The table below shows the `actual_age`

and the `predicted_age`

that my model generated from the testing data.

```
test_pred = linear_model.predict(Test_Master)
final = pd.DataFrame(data={
'player_id': X_test['player_id'],
'first': X_test['first'],
'last': X_test['last'],
'actual_age': X_test['age'],
'predicted_age': test_pred.round()
})
final.head()
```

```
close = final[abs(final['actual_age'] - final['predicted_age']) <= 4]
accuracy = close.shape[0] / len(test_pred)
print("Test accuracy:", accuracy)
```

As you can see above, several of the predictions appear to be pretty close, but we only have a 65% testing accuracy. This is because a few outliers are throwing off the accuracy.

```
final['difference'] = abs(final['actual_age'].astype(int) - final['predicted_age'].astype(int))
final.sort_values('difference', ascending=False).iloc[0,:]
```

For `Radek Martinek`

, my model predicted that he is 28 years old when he is actually 42 years old. That is a 14 year difference!

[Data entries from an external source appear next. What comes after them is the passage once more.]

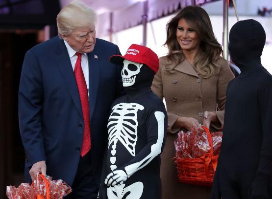 Above, President Trump surrounds himself by two very dangerous Halloween
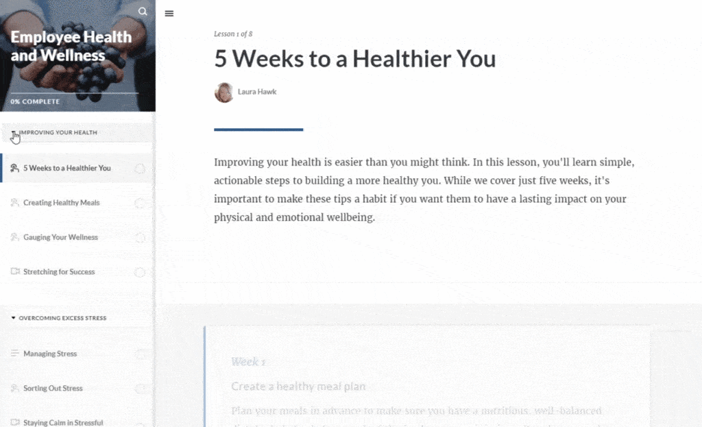 Learners can collapse sections of the course outline in the sidebar to see the overall structure of a course.
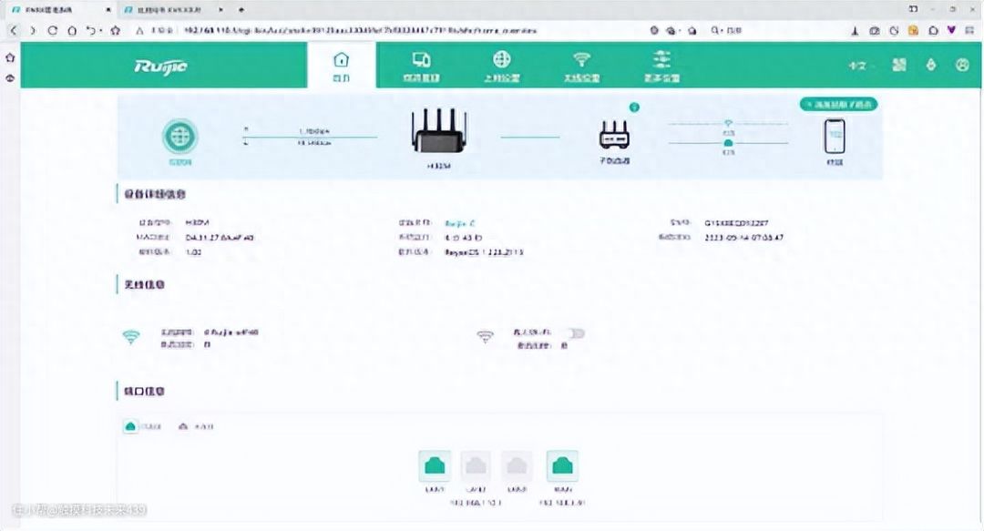 虽然锐捷蜂鸟旗舰版子母路由器支持APP管理配置,不过我一直比较喜欢用WEB配置,这样看得比较清楚一些。
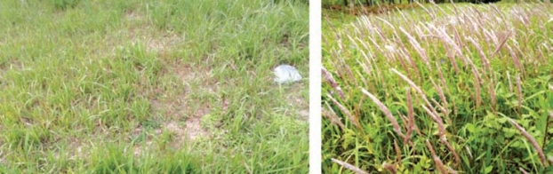 白茅(图3-14),禾本科多年生杂草,植株低矮,但地下根系发达,入土极深,一般内吸传导的除草剂很难根除,密集生长导致土壤板结,导致其他植物死亡,大面积发生后,在六七月花期内其可比肩观赏草。冬季枯黄,开春即发,特性最符合“一岁一枯荣,春风吹又生”的描述。
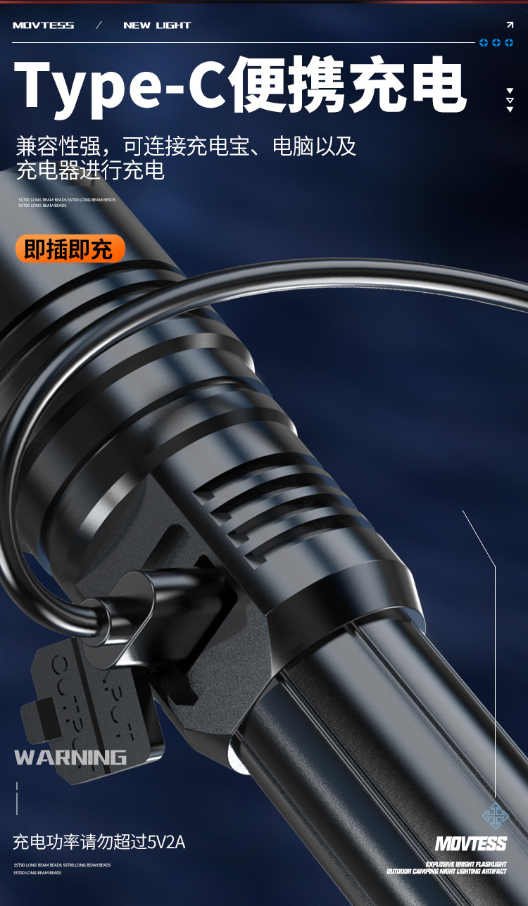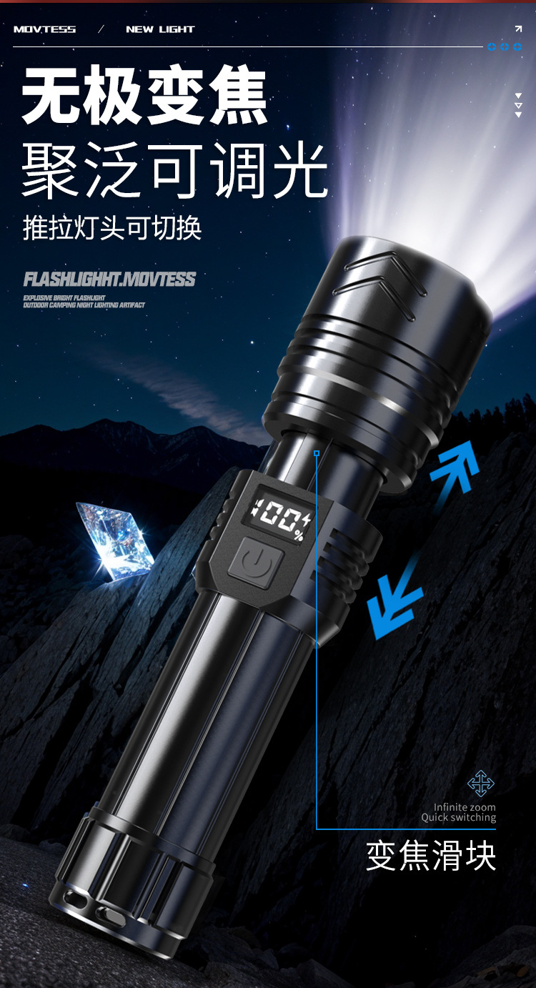 XHP50 телескопический зум фонарик показывает длительную выносливость сверхяркий Typec портативный телескопический яркий фонарик

Perhaps a player's statistics is not completely indicitive of his age. This is mainly because this type of analysis is subject to large outliers such as the `Radek Martinek`

case.

**How to make our predictions more accurate?** To make my preditions more accurate, I would need more features merged from other datasets.

Now, let's see if we can use the same statistics to predict what `position`

each player is.

```
sns.lmplot(x='takeaways', y='giveaways', data=players, hue='pos')
plt.title("Giveaways vs Takeaways")
plt.show()
```

It definitely appears that there are some features from `players`

that will help us determine what position a certain player is.

Below are the variables I will be reusing from part 3:

**train_df**- training feature matrix without`pos`

**test_df**- testing feature matrix without`pos`

**train_pos**- player`positions`

from the training data**test_pos**- player`positions`

from the testing data

Here I remove the features that decrease the accuracy of my model. I determined which features to remove by running multiple tests and choosing the features that gave my model the highest accuracy.

```
train_df = train_df.drop(['penaltyMinutes', 'assists', 'shots'], axis=1)
test_df = test_df.drop(['penaltyMinutes', 'assists', 'shots'], axis=1)
```

Now, I define a logistic regression model. My model's predictions are stored in the `predicted_pos`

column in the below dataframe.

```
# Defining a Logistic Regression model
lr = LogisticRegression(random_state=42)
# Fitting the model to the training data
lr.fit(train_df, train_pos)
# Storing my model's predictions from the test data
y_pred = lr.predict(test_df)
# RESULTS is the original testing data (not the feature matrix)
results = X_test.drop([ 'shots', 'goals', 'assists', 'hits', 'timeOnIce',
'faceOffWins', 'penaltyMinutes', 'faceoffTaken', 'pp_goals',
'takeaways', 'giveaways', 'nat', 'cob', 'dob',
'link', 'age', 'year'], axis=1)
# Adding our predictions to RESULTS for comparison
results['predicted_pos'] = y_pred
results.head()
```

```
# FINAL_2 is every player that my model accurately predicted their position
final_2 = results[results['pos'] == results['predicted_pos']]
test_accuracy = final_2.shape[0] / results.shape[0]
print('Test Accuracy: ', test_accuracy)
```

My model accurately predicts a players `position`

(only given their statistics) with a 75% accuracy. This isn't perfect, but it's much more accurate than predicting a player's age.